A win for farmers and rewilding as English farming scheme saved
Today’s announcement by the UK Government that its Environmental Land Management (ELM) scheme will continue as planned is a win for farmers and rewilding – but detail around funding for large-scale nature recovery is urgently needed, said Rewilding Britain.
Under the post-Brexit farmer subsidy scheme for England, farmers and landowners will be paid public money for positive actions including rewilding and working towards net zero.
Although widely welcomed as a world-class initiative on its launch last year, ELM was put on hold with an unplanned review announced by the Truss administration – raising fears for the scheme’s future and sparking uncertainty for farmers and landowners.
Britain is one of the worst countries in the world for nature. Rewilding Britain has been working for five years to ensure ELM includes funding for large-scale rewilding – key to delivery of the UK Government’s 25-Year Environment Plan, and for protecting 30% of nature by 2030.

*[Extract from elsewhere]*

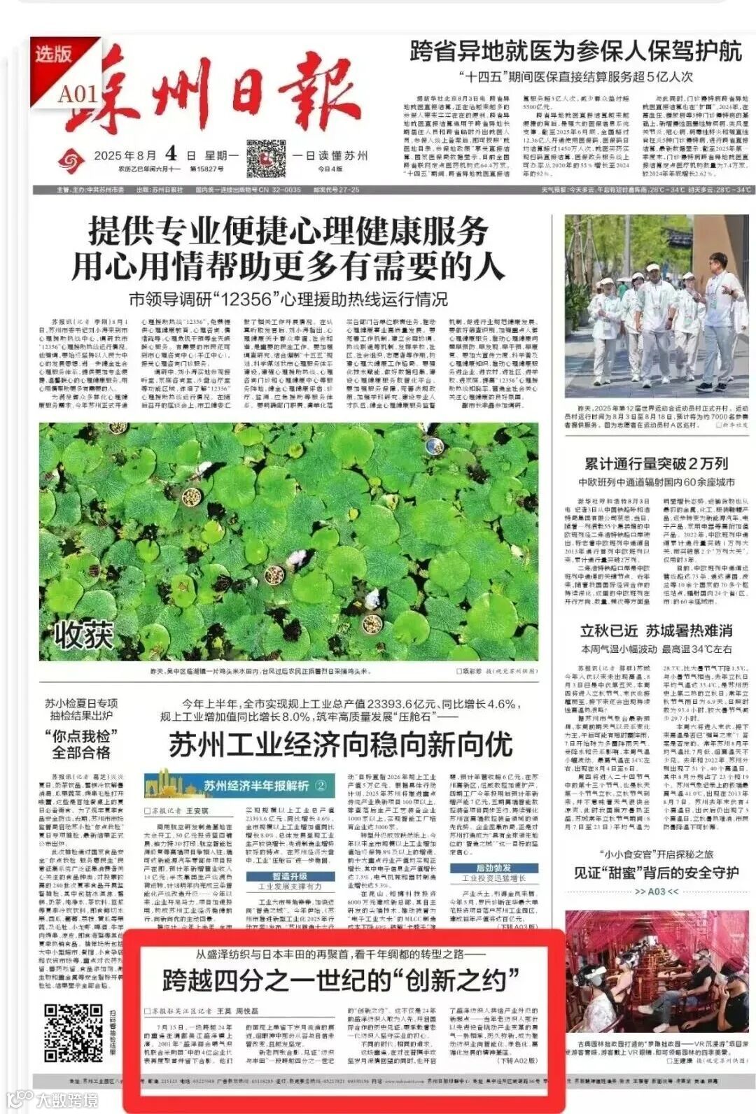 《苏州日报》多次在头版聚焦盛泽纺织产业转型升级,从“一根丝”出发,探析技术创新密码,推动产业链整合,构建可持续发展的纺织服装生态圈。

Alastair Driver, Director, Rewilding Britain said:
“Proceeding with ELM as intended is a win for farmers, nature and climate. Millions of people – including the many farmers and landowners who want meaningful action on the nature and climate crises – will be breathing a sigh of relief,” said Professor Alastair Driver, Director of Rewilding Britain.

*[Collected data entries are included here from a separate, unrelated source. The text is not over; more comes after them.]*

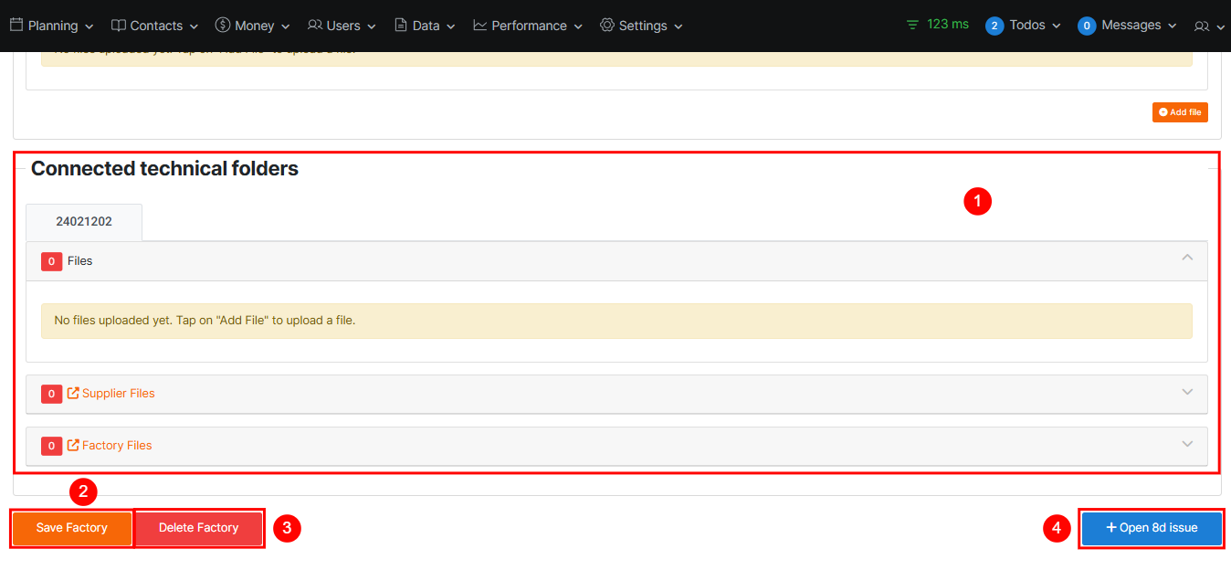 | 1 | Connected Technical Folders | Displays all technical folders related to the factory. These may include supplier files, factory files, or uploaded documents. |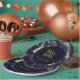 The marbled agate is in a rich dark blue with gold and grey lines.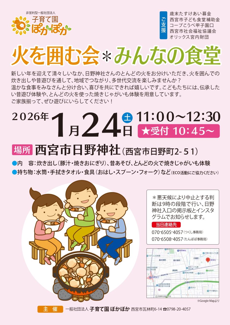 1月の「みんなの食堂」は、新年らしく、日野神社の境内をお借りして、1/24(土)11:00~12:30 に開催します♪

“Fortunately the Government has listened to the huge numbers of people who know that producing food and restoring nature go hand-in-hand, and that rewilding offers nature-based economic opportunities. If ministers now get the funding right, and give it concerted political support, ELM can be the most important environmental policy for England in a generation.
“If ministers now get the funding right, and give it concerted political support, ELM can be the most important environmental policy for England in a generation.”
A second round of ELM’s Landscape Recovery strand – which supports ambitious large-scale nature recovery, including for habitats such as woodlands, peatlands and wetlands – is planned for the spring.
The other two strands of ELM are a Sustainable Farming Incentive which pays farmers for using sustainable methods, and Local Nature Recovery, which pays farmers for projects such as planting trees, creating wetlands, meadows and hedgerows, or restoring peatland.
Focusing on nature and climate as the primary productivity of the land will also provide a vital long-term role for land managers in these areas, while supporting a just rural transition that will bring lasting benefits to local livelihoods and communities.
“All three strands of ELM are essential and complementary – but the Landscape Recovery component is absolutely critical, and must be well-funded. It is this landscape-scale restoration component, particularly in the uplands, which will deliver the step-change needed to reverse declines in biodiversity and mitigate the impacts of climate change.”
Defra first announced ELM’s three strands in 2021, to help farmers transition from the EU’s Basic Payment Scheme, due to be fully phased out by 2028. The EU system mostly paid land managers for the amount of land farmed, but ELM will replace this with public money for public goods such as nature restoration, carbon capture, clean air and water, and access to nature.
In September 2022, the Government announced 22 large-scale Landscape Recovery Scheme pilot projects, including several members of Rewilding Britain’s expanding Rewilding Network.